In the modern era and particularly within the last 30 years, rapidly increasing militarization in border security, immigration policy, and Immigration Customs and Enforcement locally has contributed to a lower quality of life for many individuals, notably indigenous and communities of color. IFCLA works to bring awareness to these vast issues of increasing militarization through local collaborations with organizations. IFCLA strives to help the St. Louis community recognize the connections between local manifestations of policing and policing practices in Latin America.
Each year IFCLA sends volunteers to Dilley, Texas to work with the CARA Project in supporting women and children detained at the South Texas Family Residential Center. Volunteers act as legal assistants and interpreters, and meet with the asylum seekers to help them prepare for their credible fear interviews.
Most recently, in December 2017, a team of IFCLA representatives visited Dilley, Texas.

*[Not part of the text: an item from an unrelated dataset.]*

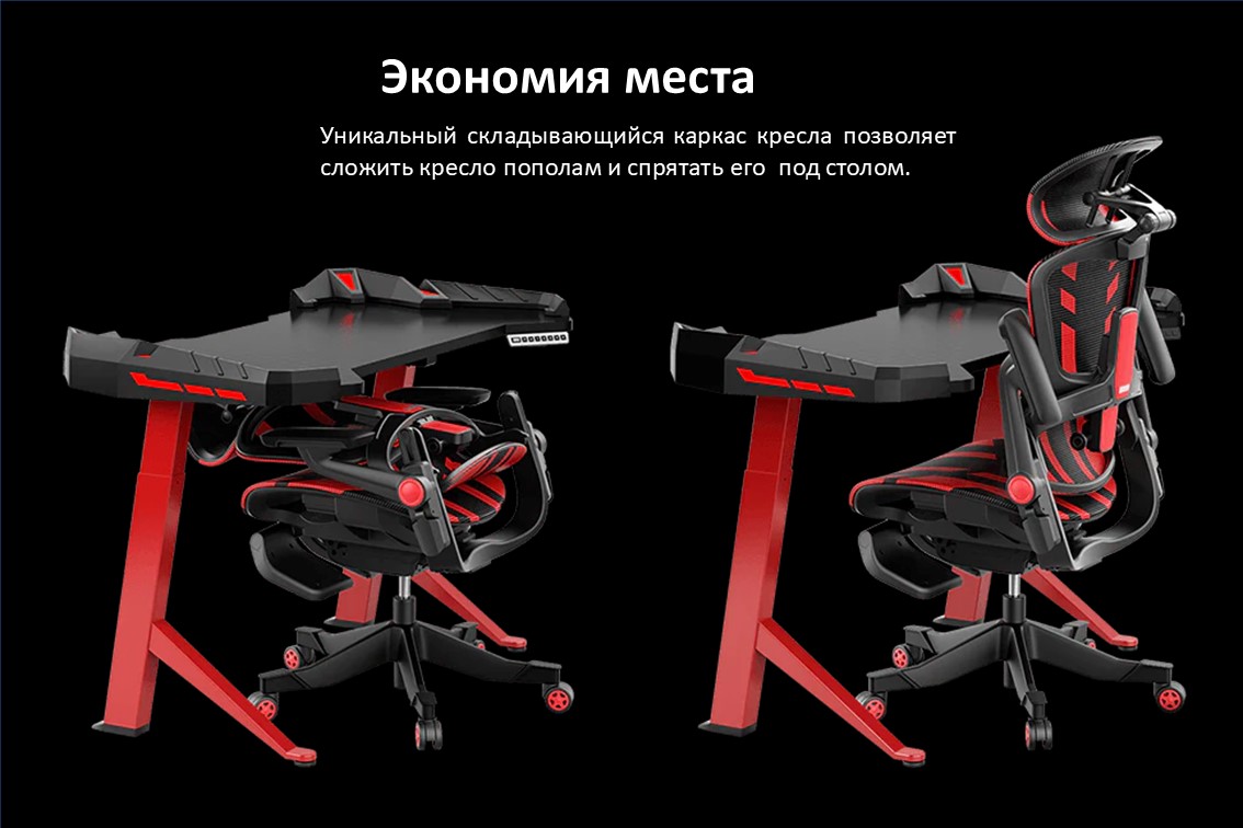 Если вам дорого каждый сантиметр, то воспользуйтесь функцией складывания кресла. Кресло можно сложить пополам и задвинуть под стол.
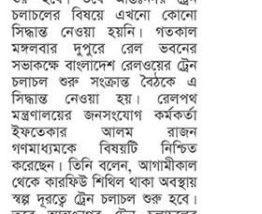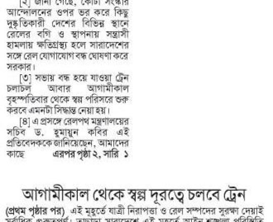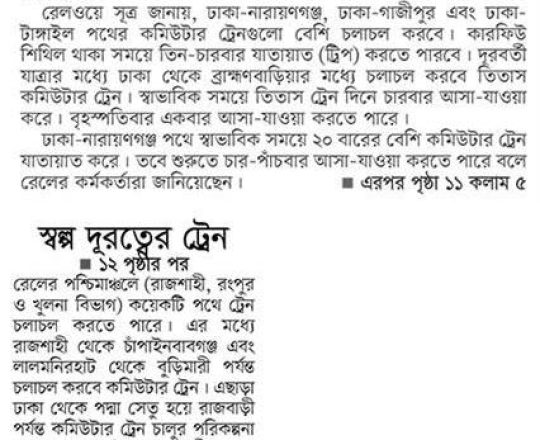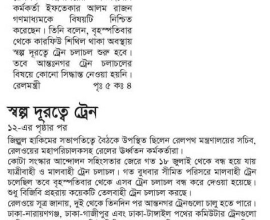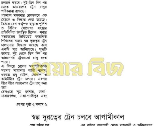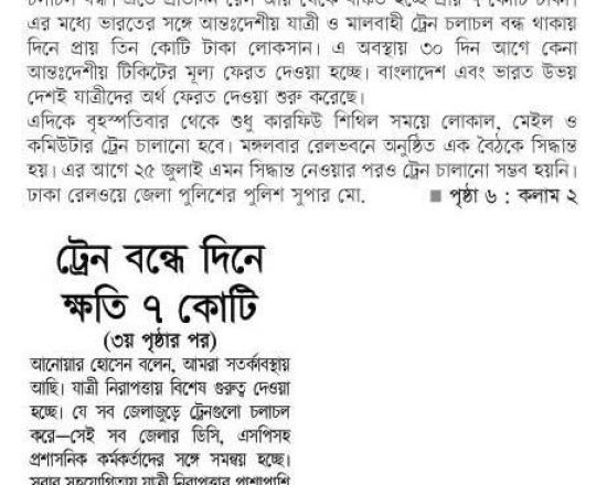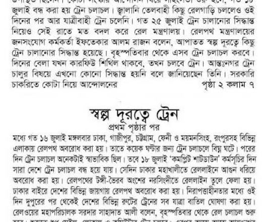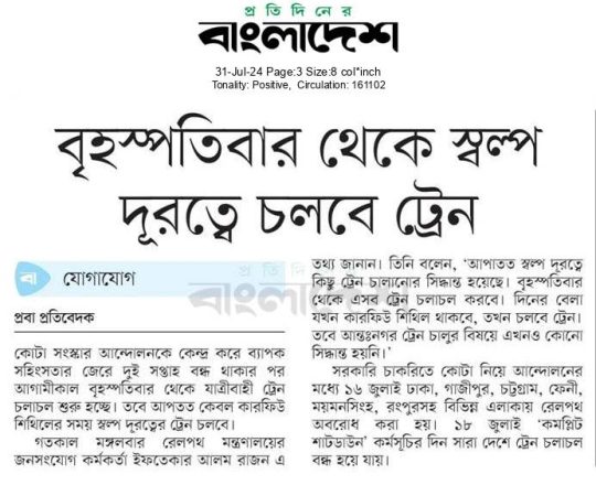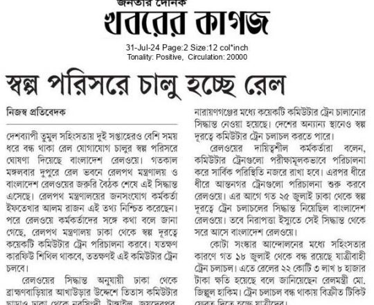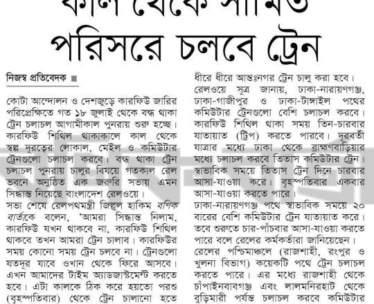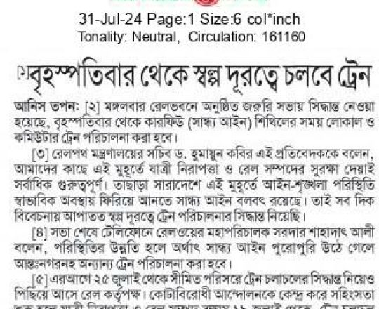 আজকের পত্রিকা, ৩১ জুলাই ২০২৪, কাল থেকে স্বল্প দূরত্বে, সীমিত সময়ে চলবে ট্রেন

Read Marissa Ornelas's reflection here.
Honduras Working Group
Honduras suffered a military coup on June 28, 2009, which ousted the democratically-elected president, José Manuel “Mel” Zelaya Rosales. Since that event, Honduras has become the most violent country in the Americas, and nascent citizen movements have been repressed. Journalists, human rights lawyers and members of the LGBT community have particularly suffered great oppression and loss of life in the past 5 years. These realities have been widely ignored both by the U.S. press and by our government. For those of us who have been standing in solidarity with the poor of Latin America, the Honduras coup signaled the return to violent strategies that suppressed people’s movements more commonly in the 1980’s.
IFCLA, in conjunction with a number of other local and national solidarity organizations, has been responding to events in Honduras to convey the realities of repression to decision makers and to call for citizen action when urgent needs arise. Two of our members joined delegations monitoring last November’s elections in Honduras. Three IFCLA volunteers participated in the Honduras Solidarity Network’s conference in Chicago in January. We have also formed a Honduras Watch Group to more methodically track events in Honduras and generate action alerts to people in our community who may want to respond. We plan St. Louis events to share the findings of our election observers and respond annually to the anniversary of the coup on June 28.